Who Is Good?

Posted on 04 August 2014

In the last number of decades we have seen more and more people admiring fictional villains, seeking transgressive humour, and deriding those things that are meant to represent good. In step with these trends is the increasing violence found in TV, film, and computer games.

Is this a sign that people are going bad? Is the civilising force of society breaking down? Are those things that keep people from basic destructive urges dissolving? I would say, little bit yes…and a bit more no.

The best metaphor I can think of for our current situation is a dysfunctional family. In such a family you may have a husband/father who was abused by his own parents as a child. He has learned that the safest place to be is in power, where he can intimidate others, and frighten people into giving him what he needs and wants. He is terrified of showing any sign of weakness, because as a child the weaknesses of being small, emotional, and inexperienced had dire consequences.

In the same family you may have a wife/mother who was abused in her own way. She will have received little acknowledgement as a child, except when destructive attention was directed her way. She may end up feeling in need of a protector who is as big or bigger a force than her parents. In this way she may trade off who she fears most. She may feel that she can at least control her husband in some way and so he is in essence her dangerous guard dog. Living without him may seem terrifying in its own right.

The children have a natural inclination to bond with their first source of survival. If their parents are also dangerous to that survival, they will develop strategies to get by. Because this is all they know, they will see the situation as normal, and not even know to question it, much less realise something better is out there.

Some children will survive by doing what they are told, flattering their parents’s egos, and/or staying out of the way or hidden. They will agree to everything: all the demands, all of the judgements, all of the worldviews. In so doing they become part of the dynamic that holds the dysfunctional family together. They will be seen as “good” children by their parents, and parents of equally dysfunctional families.

Then you have the children who sense something is wrong. They may act out, becoming destructive. They may try running away. They may start questioning and talking back. They may start having problems with depression and suicidal behaviour. These will be seen as “bad” children for threatening the status quo of a dysfunctional situation.

So, who really are the “good” children and who the “bad”?

If we have a society that is similarly dysfunctional on a massive scale, then you are going to find people who are deemed “good” simply because they are holding the system in place. They aren’t good because they are kind, caring, or actively seeking the well-being of humanity and the planet. They smile and are unchallenging.

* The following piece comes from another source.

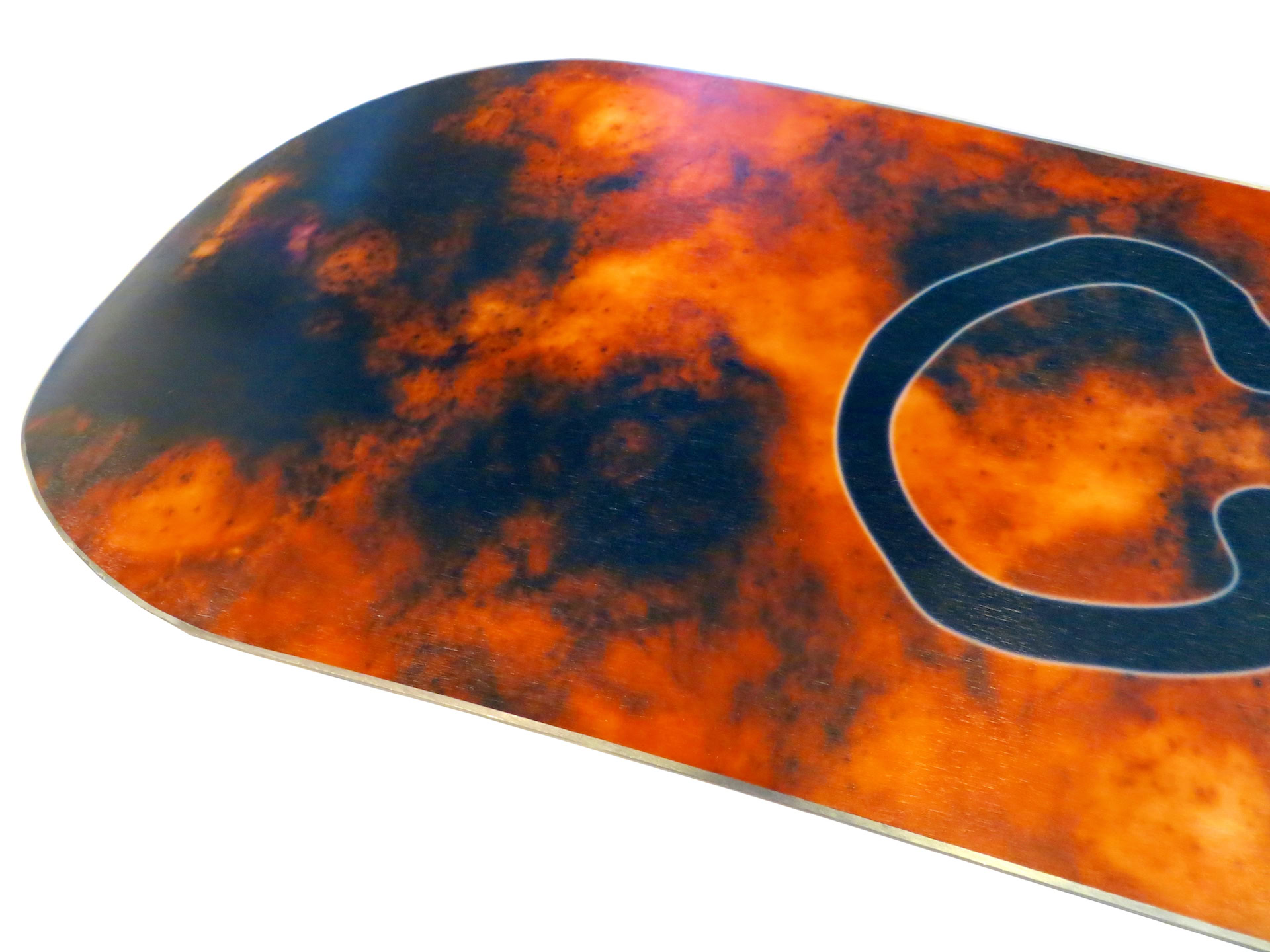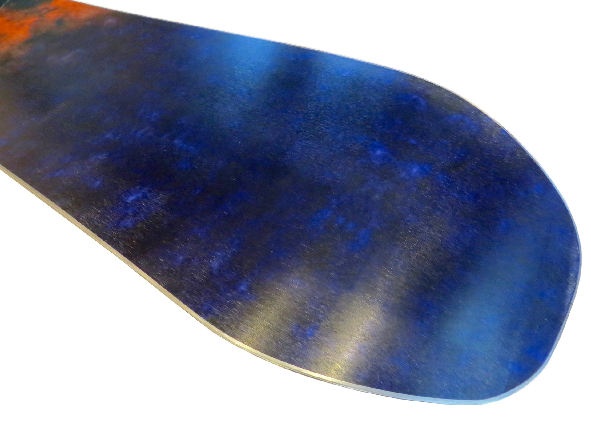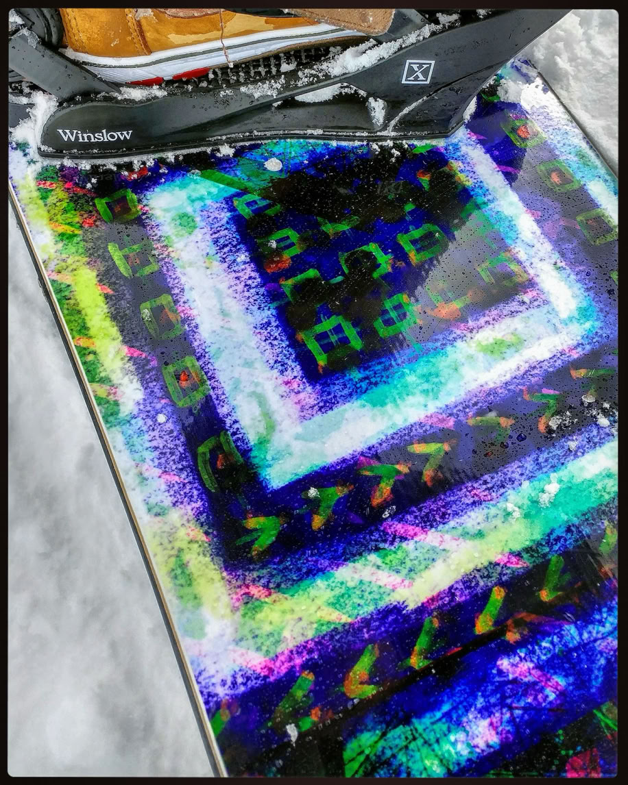 2 center stringers built with 450 layers of bamboo run through the wood core of bamboo, paulownia, and poplar - layered with triax-pattern fiberglass. Carbon fiber reinforcements on nose and tail, a sintered base, UHMWPE sidewalls, and dampened with an internal rubber bond. Made in the USA.

You will also find people who can’t manage living within a system that is inimical to their mental and emotional health. They may become violent and/or self-destructive. They may start speaking out, protesting, challenging social power. All of them will be called equally “bad”. Sometimes they will embrace this. Not often enough do people defend themselves as representing a healthier good.

Right now the Earth needs an uprising of genuine goodness: a goodness that enacts kindness, respect, acceptance, and the life-affirming. We need to rethink, redefine, and reclaim goodness. The bullies of the world are not good, but they are wounded, and completely lost in that woundedness. The “bad” kids of the world fully have it in them to lead us all to the light.